A proliferation-inducing ligand (APRIL), also known as TNF and ApoL related leukocyte expressed ligand 2 (TALL2), is a recently identified TNF ligand family member implicated in immune regulation. APRIL is a type II membrane protein with a predicted cytoplasmic domain, a hydrophobic transmembrane region and an extracellular domain of 201 amino acids. APRIL shows a unique maturation pathway among the TNF ligand family members as it is not detectable as a membrane anchored protein at the cell surface, but is processed in the golgi apparatus prior to its secretion. APRIL acts solely as a secreted factor.Two members of the TNF receptor family, the transmembrane activator and calcium modulator cyclophilin ligand interactor (TACI) and B-cell maturation antigen (BCMA), have been identified as receptors that can bind APRIL. APRIL promotes B-cell proliferation by binding to the BCMA and TACI receptors, which are expressed on resting and activated B-cells. In addition, TACI has been found on a subset of activated T cells.

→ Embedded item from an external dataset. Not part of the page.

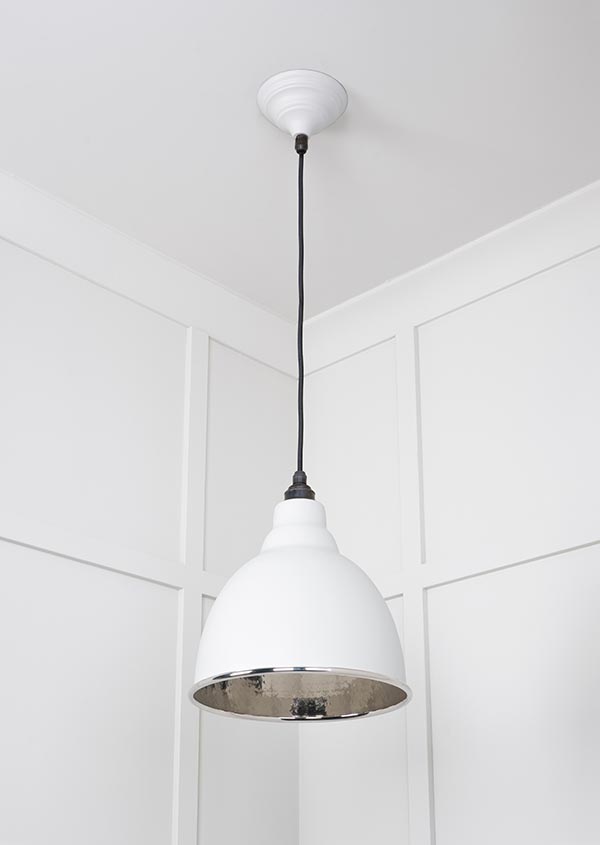 The Brindley pendant is versatile. It can be hung at different levels to brighten certain areas within a room and looks great in a group. Our pendants are all made to order on a 3-4 week lead time. Light fittings are dimmable as long as a dimmable LED bulb is fitted. Supplied fully wired with matching ceiling rose and all necessary fixings. 1m of black fabric cable as standard. Bulb: LED Only – 6W Maximum (purchased separately) Our pendants are available in a wide choice of finishes and colours. We also offer bespoke colours. Please contact us for further information. Our Hammered Nickel pendants are spun from solid brass and plated in nickel. When lit, the hammered interior glistens whilst emitting a soft, dappled light.

Engagement of BCMA activates JNK, p38 MAPK and the transcription factors NF-κB and Elk1 via TRAF1, 2 and 3, whereas cross-linking of TACI activates the transcription factors NF-κB and NFAT. TACI intracellular domain interacts with TRAF 2, 5, and 6 and transduces signals necessary for B-Cell proliferation and survival. TRAFs recruit IKK-activating kinases such as NIK, MEKK1 and TAK1 to phosphorylate IKK, which leads to NF-κB activation. A family of inhibitory proteins, IκBs, binds to NF-κB and controls the activity of NF-κB. Exposure of cells to extracellular stimuli that perturb redox balance results in rapid phosphorylation, ubiquitination, and proteolytic degradation of IκBs. This process frees NF-κB from the NF-κB/IκB complex and enables NF-κB to translocate to the nucleus where it regulates gene transcription.
APRIL is predominantly expressed in malignant tumors and promotes growth in several malignant tumor cell lines in vitro and in vivo.